Inflation effectively taxes savers by reducing their long-term purchasing-power and spoils the amount of real interest that fixed-rate savings yield. It also cheapens the money that is already owed, so the Government, mortgagees and other creditors benefit after the inflation has caused the prices and wages to rise. (This applies to most forms of credit, unless the loan was linked to the cost of living or to a more stable currency.) The inflated prices also reduce trade with foreign countries making it harder to sell goods abroad, whilst the cheaper local money makes it easier to import them. This effect on international trade worsens the production situation at home, until the exchange rate of the local currency is eventually devalued and the amount of trading may return to its previous level.
The Government can use this income in the four direct ways for relieving the effects of the slump. These are for subsidizing pensions and/or production and keeping low the price of certain basic goods, for national projects by hiring building-constructional and other unemployed workers (their incomes minus taxes to exceed their previous doles), for keeping its ministries at full strength or for lending to the banks. The new money is injected at a steady rate and on a scale where it regularly covers the losses from some or all of the hardships listed above. Unless the effects of all four of the problems are restored in a uniform manner to their former conditions, the slump will not be fully relieved. Even so, the adverse and unstable effects of the inflation itself remain to be tackled. After the inflation has ceased, the additional money in circulation eventually causes the prices and wages to catch up. Consequently, this form of slump relief will not endure without it creating further distress.

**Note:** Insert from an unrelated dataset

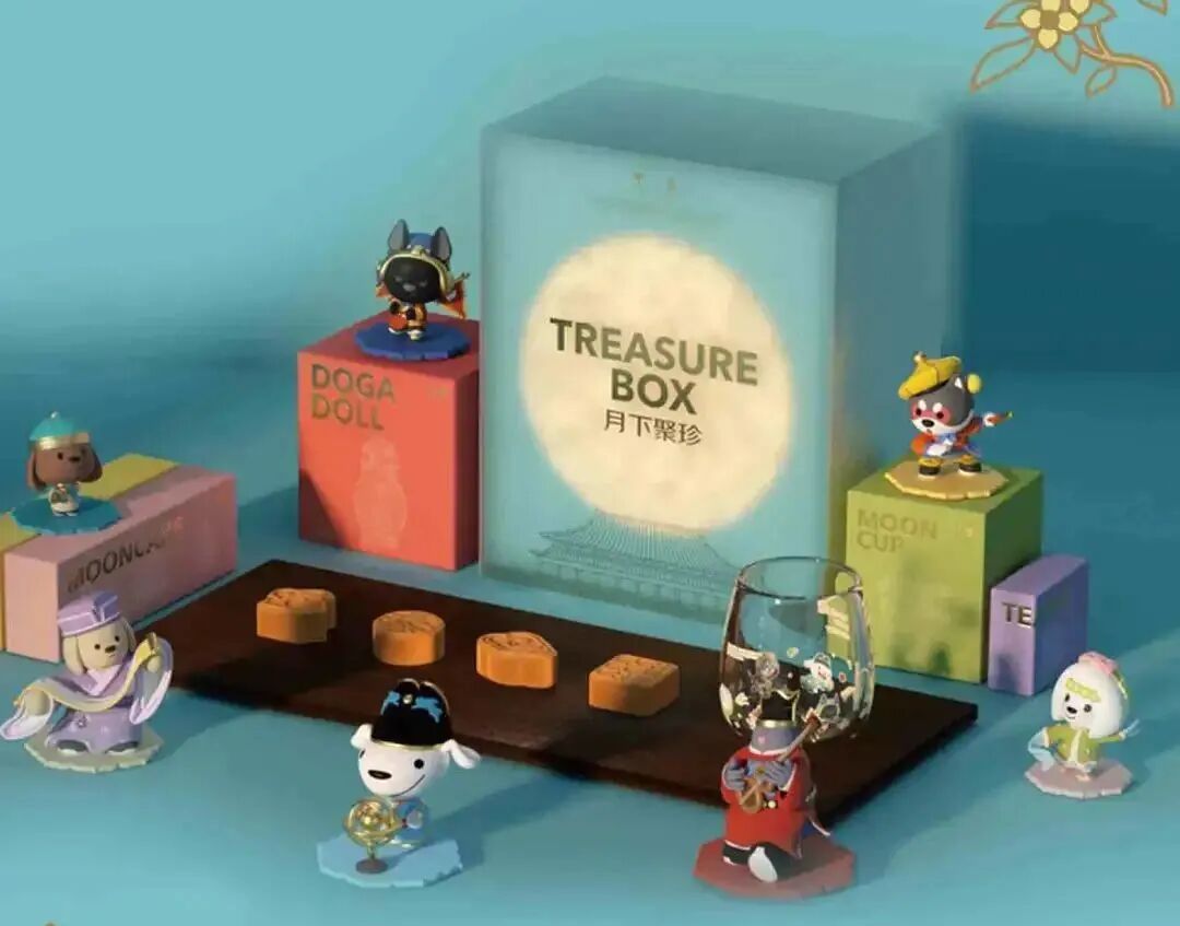 京东月饼是故宫联名款,每个月饼有一个公仔盲盒,京东吉祥物与玉兔、赏月等传统文化碰撞,做工精巧,创意设计满分。

3.2.5 Comments and Summary of the Direct Methods
By using of any of these four straight-forward techniques, the Keynesian School of economics claims that the resulting initial increase in demand causes more macro-economic activity to follow. There is supposed to be a multiplier-effect on growth, so that in the case of reduced taxation and greater personal income, it is thought that the consumers have more money to spend or invest and that consequently the total demand grows. But these claims do not consider the need to take money from one part of the system in order to supply it to another. The newly increased demand and its opportunities are balanced by the smaller number of jobs that the Government now continues to maintain. Reduced taxation of the productive process cannot affect the total numbers employed.
The producer/worker/consumer/saver model on which Keynesian Theory is based is over-simplified and limited in its scope. It fails to properly represent the whole social system and also (incidentally) the implied time interval of this model is uncertain. With the inclusion of the negative multiplier-effect of the lost Government jobs, the overall benefit is zero. The writer (and others) has built a more comprehensive simulation-model of the system, where the overall multiplier is a few percent per annum and not the few hundred that was originally reckoned. Thus the Keynesian Theory does not work in practice.
The same situation arises when the Government borrows money from the public. Some of the money that the investors lend would otherwise be available for use in industry. With the new bonds issue, the industrialists do not obtain the same encouragement for their activity as when the investor's choice was limited to the stock-market. The Government investment results in more employment there, but this advantage is in one place only and there is an equivalent reduction of investment and employment in the rest of industry.